- Born: 14 December 1932 Alawalpur, Punjab, British India Present-day India
- Died: 20 June 2009 (aged 76) Islamabad, Pakistan
- Education: University of the Punjab Forman Christian College
- Known for: Discovery of the biological method of oil palm pollination
- Scientific career
- Fields: Entomology
- Workplaces: Gordon College, Rawalpindi Commonwealth Institute of Biological Control (CIBI)

= Rahman Syed =

Pakistani entomologist, professor, and actor

Datuk Rahman Anwar Syed (14 December 1932 – 20 June 2009) was a Pakistani entomologist, professor, actor, and entrepreneur, best known for his discovery of the biological method of oil palm pollination.

==Early life==

Rahman Anwar Syed was born into a Muslim family of the village of Alawalpur, Punjab, British India, the eldest of seven children. His father, Major Dr. Abdul Majeed, was a doctor in the British Indian Army and a renowned malariologist. Given Dr. Majeed's frequent absence from home due to the demanding nature of his work, Syed became independent at an early age. The untimely loss of his mother added to the hardships of his childhood.

Syed received his primary education at a local village school, sitting upon dirt mats outdoors in searing heat. It was after the harrowing 1947 Partition of India, when his family made the dangerous journey to the Pakistani city of Karachi, that Syed began to show his promise. There he gained admission to the renowned Dayaram Jethamal Science College, joining its University Officers Training Course and achieving success academically. Syed moved on to Lahore's prestigious Forman Christian College, where he developed a lasting interested in physical science and zoology.

Syed was an avid sportsman, captaining Forman Christian College's football team and playing racquet sports. Throughout life he was a passionate fan of cricket.

In the latter stages of his youth, Syed delved into acting, playing a lead role in the Pakistan Television drama, Lagan Apni Apni.

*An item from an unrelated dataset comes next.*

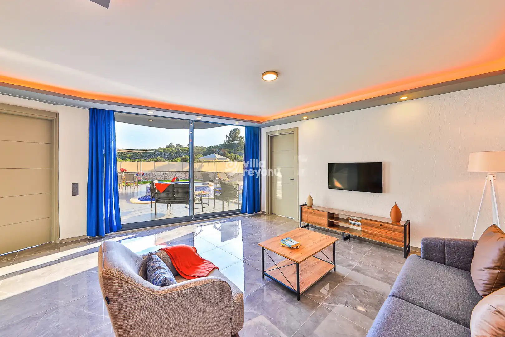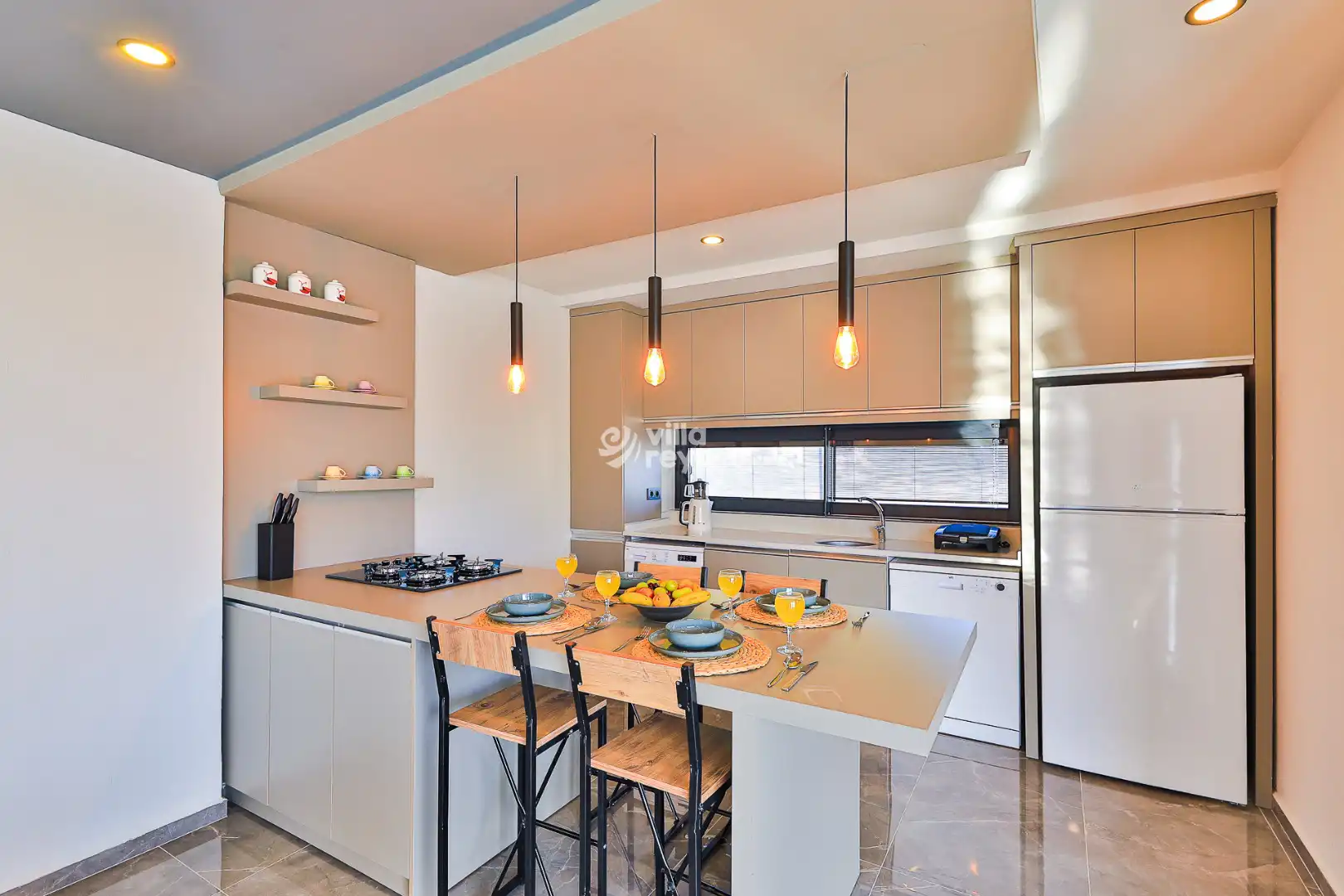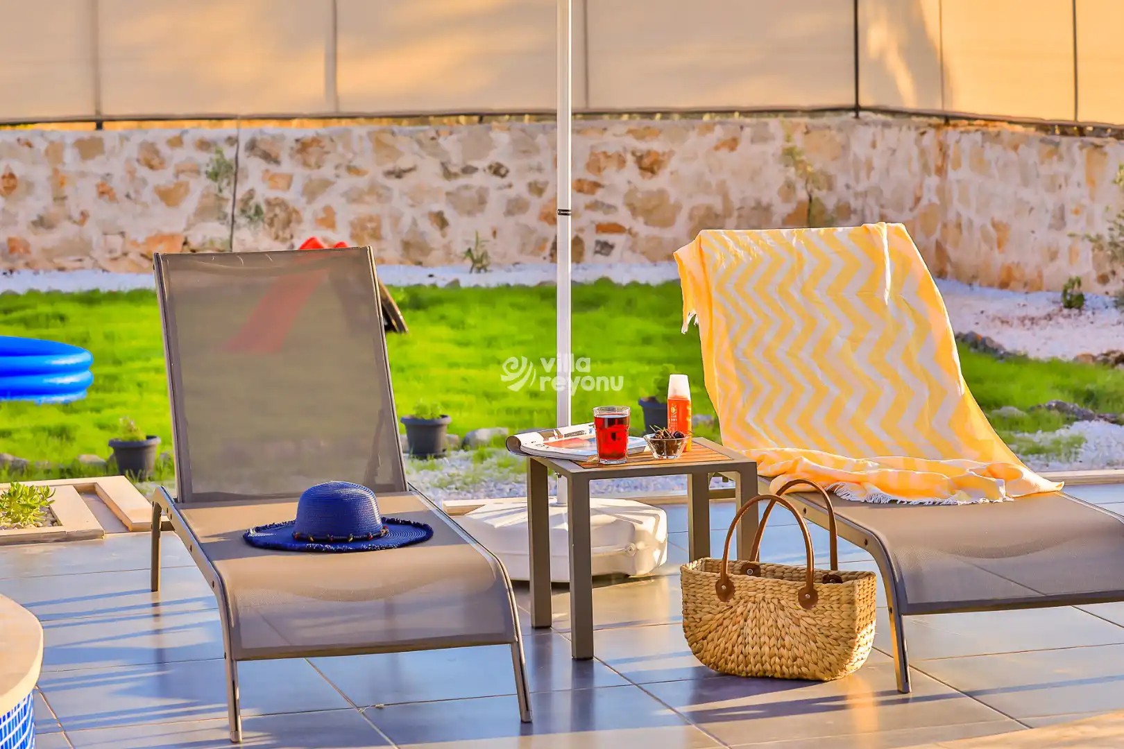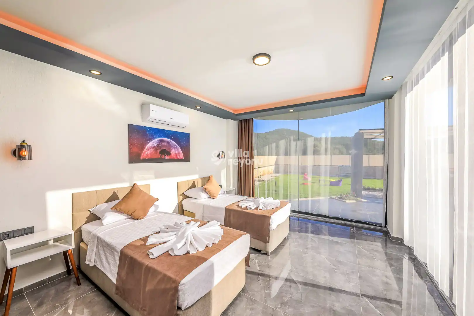 Geniş bahçesinde özel yüzme havuzu, çocuk havuzu, şezlonglar, yemek alanı, barbekü, oturma köşesi, salıncak ve mini çocuk oyun alanı bulunmaktadır. Yatak odalarından birinde jakuzi yer alan villa, sakin ve huzurlu bir tatil arayan misafirler için şehir kalabalığından uzak keyifli bir konaklama sunar.

==Further education and career==

Rahman Anwar Syed's first job, in 1962, was one teaching zoology at Gordon College, Rawalpindi, a post he held for six years. In 1968 he joined the Commonwealth Institute of Biological Control and became involved in entomological research. His initial work with the institute involved the biological control of fruit flies, an endeavor especially important to Pakistan's agricultural sector. At this time he completed his formal education, being awarded a PhD from the University of Punjab in Lahore.

==Oil palm pollination research and discovery==

After his doctoral studies, Syed was posted by the Commonwealth Institute of Biological Control to Sabah, Malaysia, where he gained a measure of notoriety for his work that led to the doing away of certain insecticides through the use of a virus to control palm leaf-eating nettle caterpillars. Leslie Davidson, then Chairman of Unilever oil palm plantations in Malaysia, hired Syed to investigate a hunch he had on the possibility of oil palm pollination being doable by insects rather than, as conventional wisdom had it, solely by wind or by hand. Syed's field and laboratory research in Cameroon yielded the conclusive discovery of the most efficient pollinator of the oil palm, the weevil species Elaeidobious kamerunicus. In 1979 he published his findings in the Bulletin of Entomological Research. The newly recognized African oil palm weevil, E. kamerunicus, was approved for importation and brought to the plantations of Malaysia in 1981. Its release was a great success, dramatically improving palm oil production, ending the costly and time-consuming practice of hand-pollination, and speeding plantation expansion, all with little to no negative biological impact.

==Later life and legacy==

For his contribution to the Sabah and Malaysia's economic and social wellbeing, the Malaysian state of Sabah bestowed upon Rahman Anwar Syed the honorary title of Datuk. In its first post-release year alone, E. kamerunicus was calculated to have increased Malaysian oil palm production by approximately US$370 million. The weevil has since been employed as chief pollinator of oil palms in all other parts of the world where it did not already exist, and its economic impact has continued to build exponentially over the years.

Syed fathered four sons by his wife of fifty-one years. He remained active in entomology consulting and in business until his death, founding, owning, and chairing Nourbiz Pvt. Ltd., a Pakistani snack food company responsible for the well-known Korneez brand. He died at his home in Islamabad after a long battle with colorectal cancer.